* _Brief_: In this exercise, the entries below include pictures. Repeat exactly the lines from the line with "Lauren was 6" to the line with "Ce gaufrier, doté", including both, but without the pictures.

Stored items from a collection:
********************

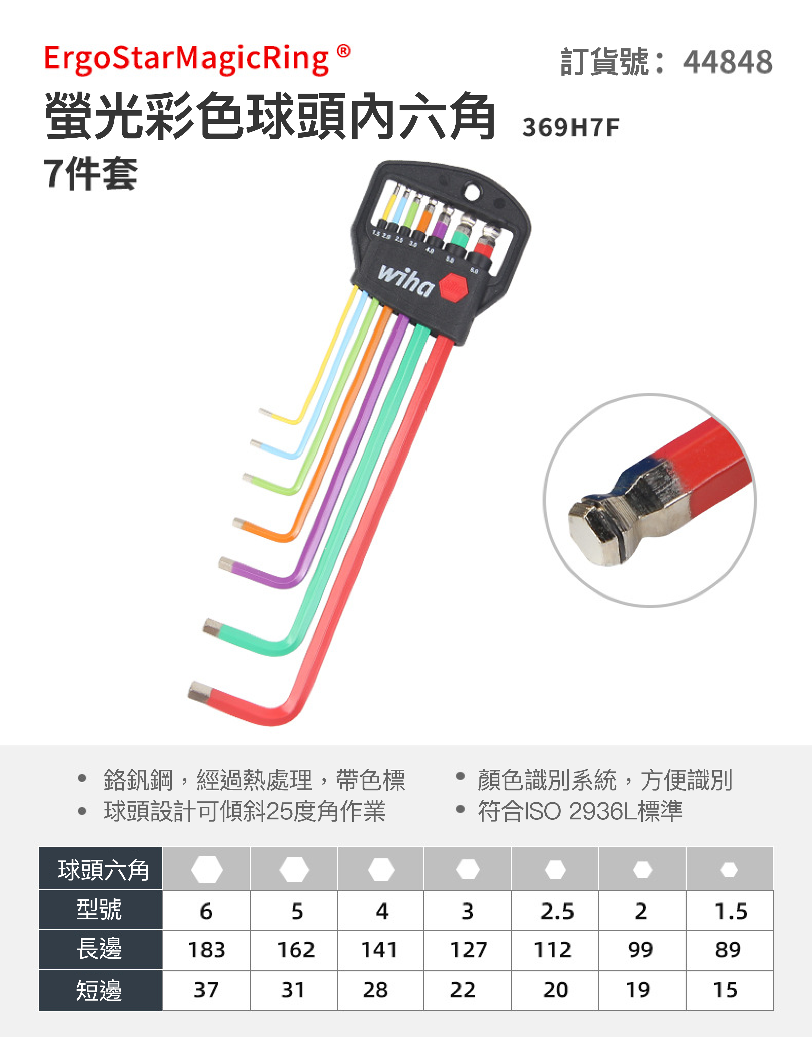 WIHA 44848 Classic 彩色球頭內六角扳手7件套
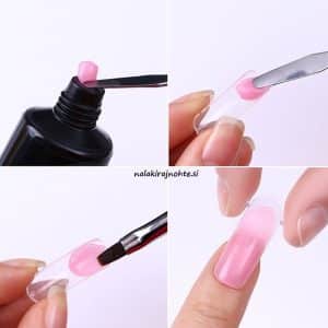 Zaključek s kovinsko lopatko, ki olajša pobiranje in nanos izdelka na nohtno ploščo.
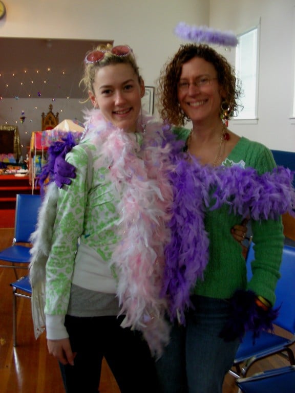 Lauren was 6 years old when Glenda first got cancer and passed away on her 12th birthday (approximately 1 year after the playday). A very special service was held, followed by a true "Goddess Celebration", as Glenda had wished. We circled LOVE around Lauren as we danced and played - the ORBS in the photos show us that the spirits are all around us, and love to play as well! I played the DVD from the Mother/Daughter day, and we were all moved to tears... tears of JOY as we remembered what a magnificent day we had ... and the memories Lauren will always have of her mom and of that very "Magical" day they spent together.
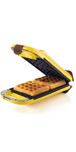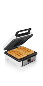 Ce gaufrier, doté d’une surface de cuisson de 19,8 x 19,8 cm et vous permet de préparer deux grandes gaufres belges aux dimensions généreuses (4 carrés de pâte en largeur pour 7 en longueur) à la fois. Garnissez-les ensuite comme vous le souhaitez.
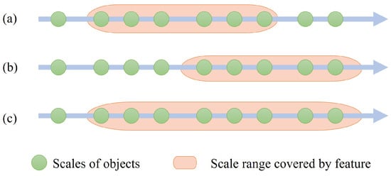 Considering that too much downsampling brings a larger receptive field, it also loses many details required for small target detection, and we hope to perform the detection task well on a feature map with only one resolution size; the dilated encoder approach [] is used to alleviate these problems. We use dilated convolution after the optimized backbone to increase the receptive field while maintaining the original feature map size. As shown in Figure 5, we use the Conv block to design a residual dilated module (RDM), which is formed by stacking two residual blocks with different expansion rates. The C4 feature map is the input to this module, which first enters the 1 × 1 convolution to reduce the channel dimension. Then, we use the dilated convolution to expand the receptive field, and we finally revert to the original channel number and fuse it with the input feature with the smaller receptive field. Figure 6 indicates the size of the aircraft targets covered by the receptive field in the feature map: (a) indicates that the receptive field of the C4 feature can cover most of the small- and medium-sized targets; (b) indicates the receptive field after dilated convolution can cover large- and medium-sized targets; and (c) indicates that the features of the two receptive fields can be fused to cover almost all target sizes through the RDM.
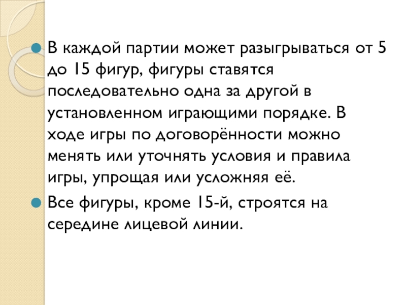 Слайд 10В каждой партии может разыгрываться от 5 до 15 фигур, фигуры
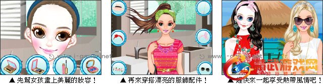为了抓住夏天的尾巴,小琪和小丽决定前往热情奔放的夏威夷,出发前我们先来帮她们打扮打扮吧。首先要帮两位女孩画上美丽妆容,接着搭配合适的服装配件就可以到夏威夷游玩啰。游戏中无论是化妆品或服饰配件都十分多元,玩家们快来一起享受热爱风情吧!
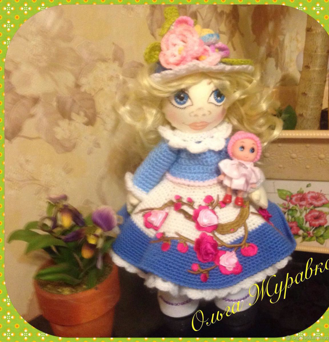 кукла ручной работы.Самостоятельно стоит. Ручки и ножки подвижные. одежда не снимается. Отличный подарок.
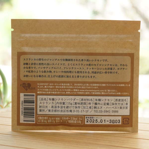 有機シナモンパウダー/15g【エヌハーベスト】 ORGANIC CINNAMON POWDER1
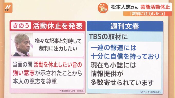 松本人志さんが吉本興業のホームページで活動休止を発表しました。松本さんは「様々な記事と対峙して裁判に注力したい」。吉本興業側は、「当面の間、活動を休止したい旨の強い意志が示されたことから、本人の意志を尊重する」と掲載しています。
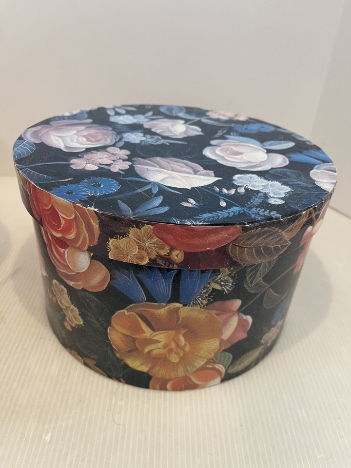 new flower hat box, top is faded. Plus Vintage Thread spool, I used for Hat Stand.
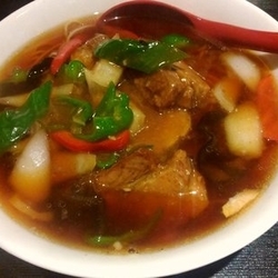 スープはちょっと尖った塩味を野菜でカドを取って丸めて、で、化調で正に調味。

********************

* _Problem solution_:
 Lauren was 6 years old when Glenda first got cancer and passed away on her 12th birthday (approximately 1 year after the playday). A very special service was held, followed by a true "Goddess Celebration", as Glenda had wished. We circled LOVE around Lauren as we danced and played - the ORBS in the photos show us that the spirits are all around us, and love to play as well! I played the DVD from the Mother/Daughter day, and we were all moved to tears... tears of JOY as we remembered what a magnificent day we had ... and the memories Lauren will always have of her mom and of that very "Magical" day they spent together.
 Ce gaufrier, doté d’une surface de cuisson de 19,8 x 19,8 cm et vous permet de préparer deux grandes gaufres belges aux dimensions généreuses (4 carrés de pâte en largeur pour 7 en longueur) à la fois. Garnissez-les ensuite comme vous le souhaitez.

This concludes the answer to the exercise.